For the listing that follows, give again exactly the lines from the one with "UOVO AL CIOCCOLATO" to the one with "ミーちゃん メス ミックス 6歳 (推定)", including both.

--- Data ---
-=-=-

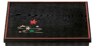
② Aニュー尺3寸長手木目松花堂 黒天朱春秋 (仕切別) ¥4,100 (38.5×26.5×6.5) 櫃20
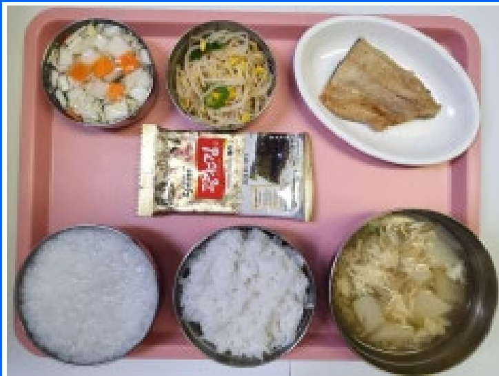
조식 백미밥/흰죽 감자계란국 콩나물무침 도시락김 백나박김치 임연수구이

-=-=-

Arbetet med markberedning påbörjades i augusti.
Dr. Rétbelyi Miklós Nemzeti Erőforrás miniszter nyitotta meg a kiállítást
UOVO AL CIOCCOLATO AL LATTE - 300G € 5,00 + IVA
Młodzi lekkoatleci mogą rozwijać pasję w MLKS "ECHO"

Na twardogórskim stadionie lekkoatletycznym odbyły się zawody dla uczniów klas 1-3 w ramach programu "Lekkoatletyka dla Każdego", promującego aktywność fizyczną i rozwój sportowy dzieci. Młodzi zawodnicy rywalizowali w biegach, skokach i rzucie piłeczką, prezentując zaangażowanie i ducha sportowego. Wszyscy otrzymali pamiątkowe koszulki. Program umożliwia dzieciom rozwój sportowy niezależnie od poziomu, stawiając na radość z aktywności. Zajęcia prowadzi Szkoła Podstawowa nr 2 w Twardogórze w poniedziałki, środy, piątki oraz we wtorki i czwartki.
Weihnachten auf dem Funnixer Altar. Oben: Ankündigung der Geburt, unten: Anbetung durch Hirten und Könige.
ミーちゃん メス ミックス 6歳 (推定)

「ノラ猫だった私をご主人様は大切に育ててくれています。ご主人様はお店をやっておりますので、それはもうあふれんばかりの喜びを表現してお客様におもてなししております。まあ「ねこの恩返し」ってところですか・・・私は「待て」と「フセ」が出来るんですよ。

-=-=-

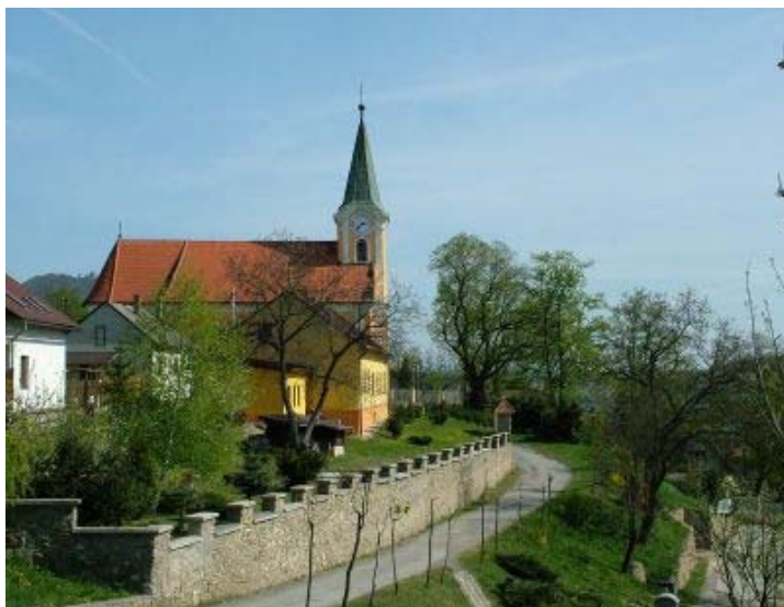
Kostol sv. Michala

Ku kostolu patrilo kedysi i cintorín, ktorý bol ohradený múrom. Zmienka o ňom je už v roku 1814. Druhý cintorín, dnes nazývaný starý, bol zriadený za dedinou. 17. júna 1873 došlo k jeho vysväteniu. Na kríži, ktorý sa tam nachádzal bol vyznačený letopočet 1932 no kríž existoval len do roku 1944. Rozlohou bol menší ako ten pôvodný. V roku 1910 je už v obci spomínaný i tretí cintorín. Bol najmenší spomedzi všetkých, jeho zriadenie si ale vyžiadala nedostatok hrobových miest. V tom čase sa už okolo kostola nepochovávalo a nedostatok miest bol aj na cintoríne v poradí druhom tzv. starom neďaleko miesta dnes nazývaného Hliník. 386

-=-=-

--- Response ---
UOVO AL CIOCCOLATO AL LATTE - 300G € 5,00 + IVA
Młodzi lekkoatleci mogą rozwijać pasję w MLKS "ECHO"

Na twardogórskim stadionie lekkoatletycznym odbyły się zawody dla uczniów klas 1-3 w ramach programu "Lekkoatletyka dla Każdego", promującego aktywność fizyczną i rozwój sportowy dzieci. Młodzi zawodnicy rywalizowali w biegach, skokach i rzucie piłeczką, prezentując zaangażowanie i ducha sportowego. Wszyscy otrzymali pamiątkowe koszulki. Program umożliwia dzieciom rozwój sportowy niezależnie od poziomu, stawiając na radość z aktywności. Zajęcia prowadzi Szkoła Podstawowa nr 2 w Twardogórze w poniedziałki, środy, piątki oraz we wtorki i czwartki.
Weihnachten auf dem Funnixer Altar. Oben: Ankündigung der Geburt, unten: Anbetung durch Hirten und Könige.
ミーちゃん メス ミックス 6歳 (推定)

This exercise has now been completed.